You may have read about our friend Sally, who passed away on July 31st of this year. She lived alone in her own home, until the final four days of her life, while she was actively dying. She had dementia and was fiercely independent. Our team had the privilege of helping her live life her way, and die her way. She experienced a sense of autonomy over her own life, even when what she really had was 24/7 supervision and many hours of DAWN Dementia-Specialist care and companionship.
It only worked because we knew how to use the DAWN Method, and we are so grateful that it worked because it helped us give her such personal gifts.
Time and time again, the DAWN (Dementia and Alzheimer’s Well-being Network) Method works. I have analyzed it with my evidence-based professional eyes and mind, and there is not one part of the method that does not work.
Here’s why:
*The seven tools of the DAWN Method help us meet the unique emotional needs of people living with dementia, people who have cognitive skills that are changing.

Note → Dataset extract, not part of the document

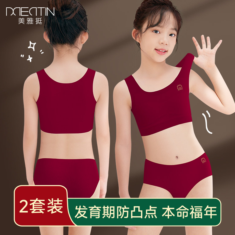 2026 Year of the Horse Children's Natal Year Underwear Panty Set 12-Year-Old Girl's Red Vest Developmental Bra

*When emotional needs are met, people living with dementia have far fewer reasons to have a response, what society labels a “behavior.”
*When we understand, then, how to meet the unique emotional needs of those living with dementia, we are reducing and preventing “behaviors” so that we are not forever responding to “behaviors.”
*This all works because the DAWN Method teaches us how to manage the environment in a way that becomes dementia-supportive. This dementia-supportive environment helps people with dementia feel safe and secure and continue to enjoy well-being…until they breathe their last breath.
*It is a strength-based approach because we focus on what cognitive skills folks continue to have, all the while understanding, supporting, and accepting the skills they are losing.
*The DAWN Method helps us understand anosognosia, which is a game-changer in our approach to dementia. Understanding anosognosia and how it necessarily impacts our approach is an important contributor to success, or failure, in dementia care.
My team and I skillfully use what we have learned through the DAWN Method daily in our work in DAWN Dementia-Specialist home care. And in the process of bringing the right kind of care to others, we, too, receive the gifts of joy, hope, meaning, success, and well-being.